_DATASET EXTRACT:_
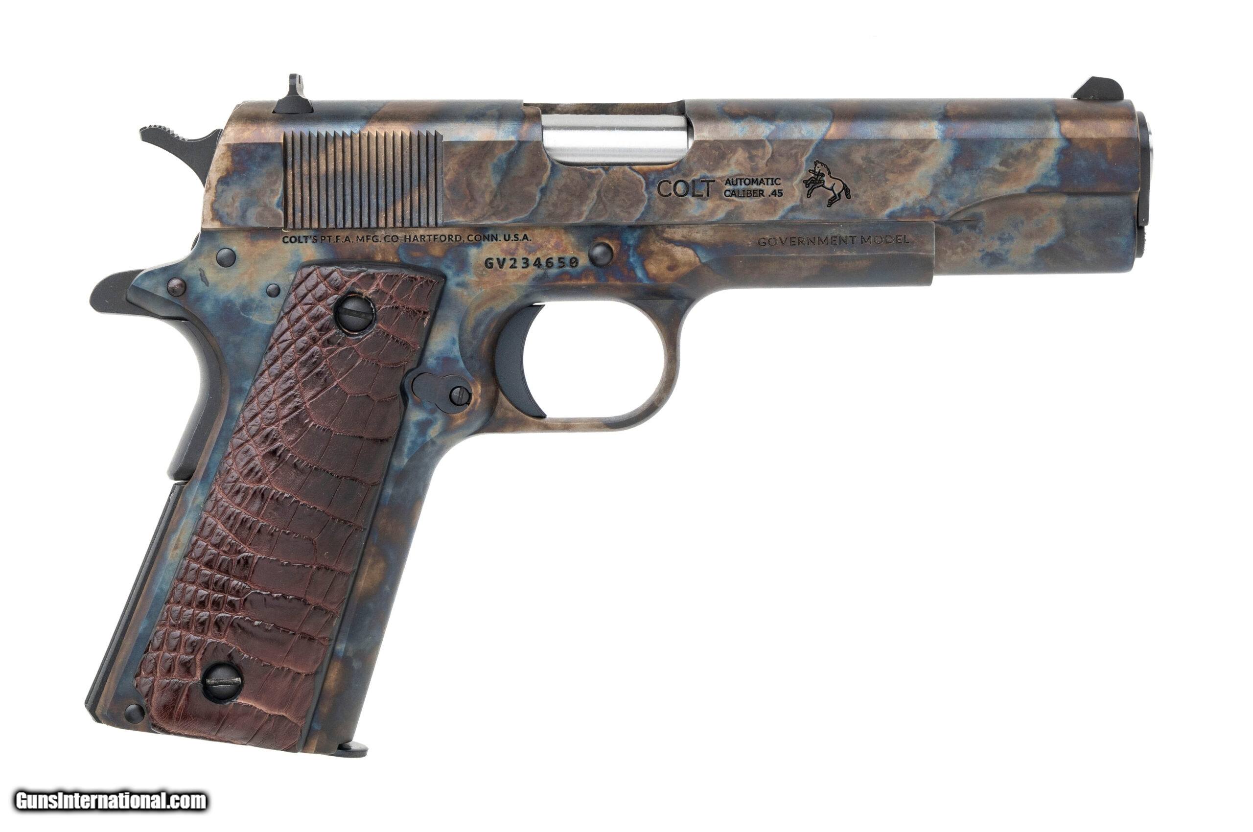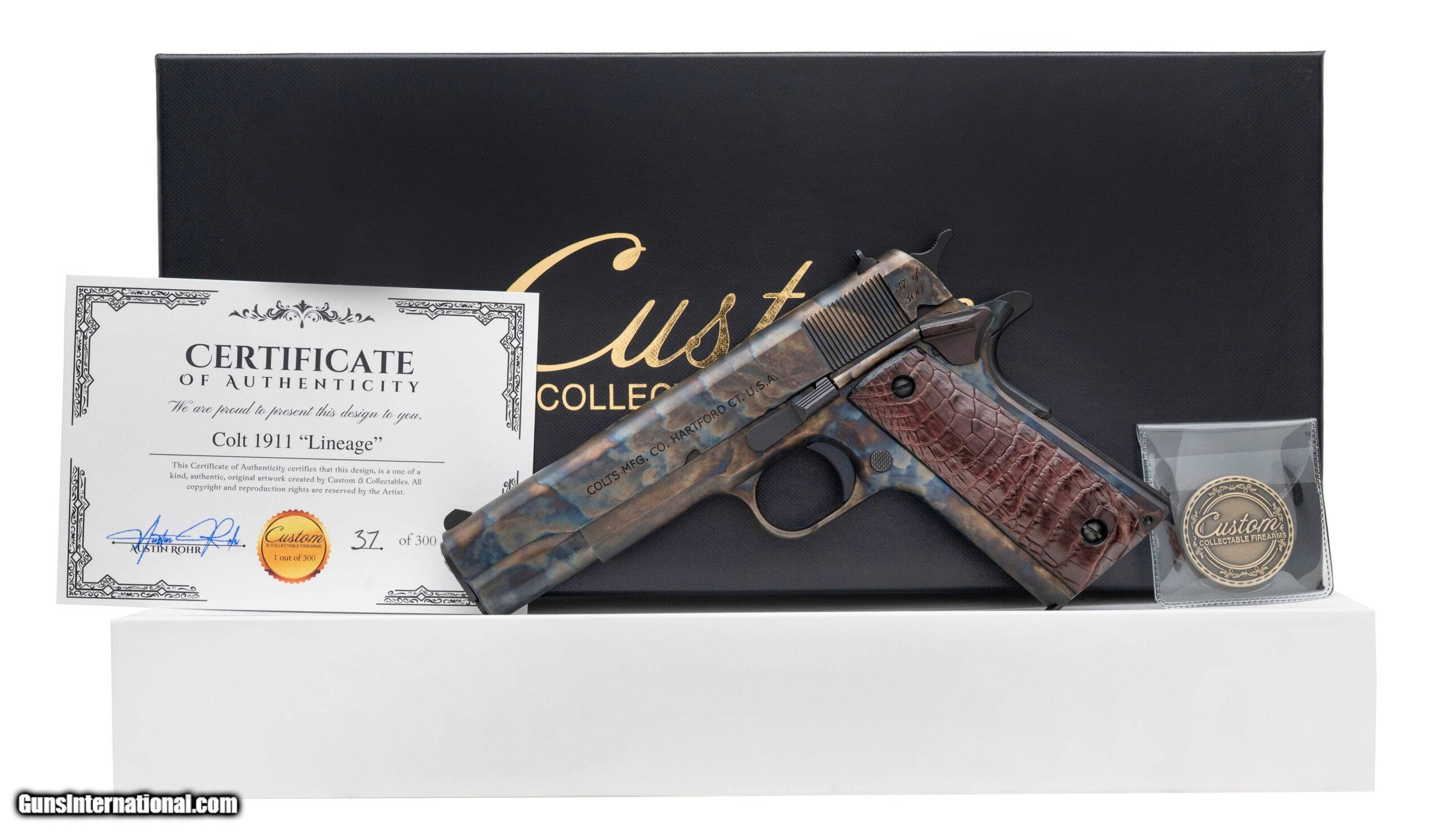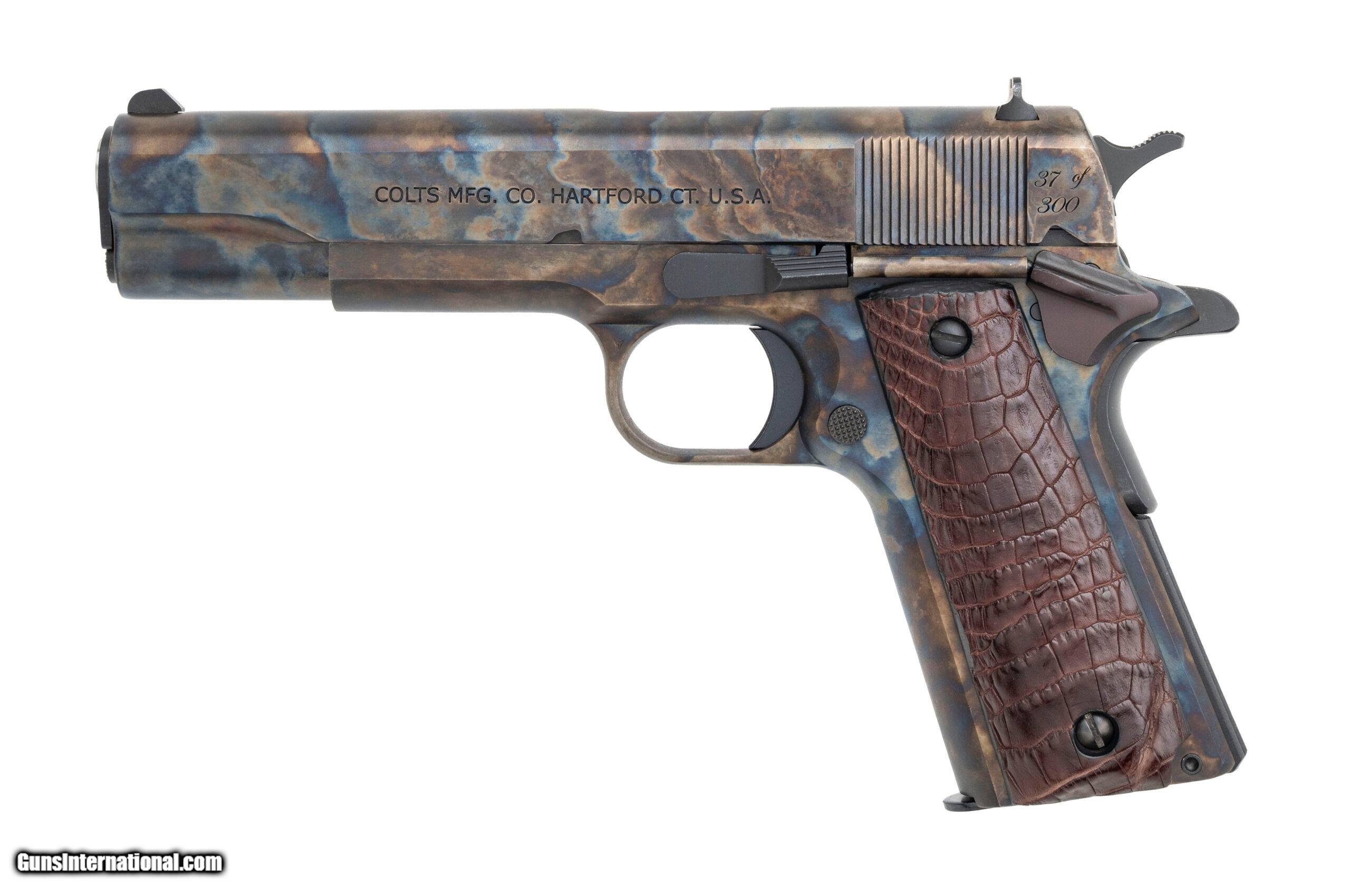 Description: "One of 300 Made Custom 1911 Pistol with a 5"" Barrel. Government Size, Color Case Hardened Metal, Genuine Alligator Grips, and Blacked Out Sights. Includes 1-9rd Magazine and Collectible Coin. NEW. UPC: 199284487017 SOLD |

---

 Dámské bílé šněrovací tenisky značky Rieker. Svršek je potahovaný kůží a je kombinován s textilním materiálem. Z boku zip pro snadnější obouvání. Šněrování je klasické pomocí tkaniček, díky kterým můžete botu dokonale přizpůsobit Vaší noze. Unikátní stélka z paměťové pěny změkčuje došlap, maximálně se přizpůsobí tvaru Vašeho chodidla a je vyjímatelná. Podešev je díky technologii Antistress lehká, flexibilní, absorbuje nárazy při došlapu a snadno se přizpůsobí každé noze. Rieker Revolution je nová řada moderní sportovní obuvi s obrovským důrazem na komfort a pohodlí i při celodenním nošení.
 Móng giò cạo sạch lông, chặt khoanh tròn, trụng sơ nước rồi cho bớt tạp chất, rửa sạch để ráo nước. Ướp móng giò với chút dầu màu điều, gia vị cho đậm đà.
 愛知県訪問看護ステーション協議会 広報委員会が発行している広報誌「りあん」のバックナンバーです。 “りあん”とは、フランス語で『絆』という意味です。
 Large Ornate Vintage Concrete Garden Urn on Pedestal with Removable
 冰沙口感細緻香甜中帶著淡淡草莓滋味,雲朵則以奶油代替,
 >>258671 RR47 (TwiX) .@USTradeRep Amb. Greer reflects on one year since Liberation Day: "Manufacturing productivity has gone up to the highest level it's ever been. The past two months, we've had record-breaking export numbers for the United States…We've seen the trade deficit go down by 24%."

_EXERCISE:_ Look above for the line with "Large Ornate Vintage"; retype exactly that line, every line after it up to the line with "RR47 (TwiX) .@USTradeRep", and that line too, nothing else.

_WRITTEN REPLY:_
 Large Ornate Vintage Concrete Garden Urn on Pedestal with Removable
 冰沙口感細緻香甜中帶著淡淡草莓滋味,雲朵則以奶油代替,
 >>258671 RR47 (TwiX) .@USTradeRep Amb. Greer reflects on one year since Liberation Day: "Manufacturing productivity has gone up to the highest level it's ever been. The past two months, we've had record-breaking export numbers for the United States…We've seen the trade deficit go down by 24%."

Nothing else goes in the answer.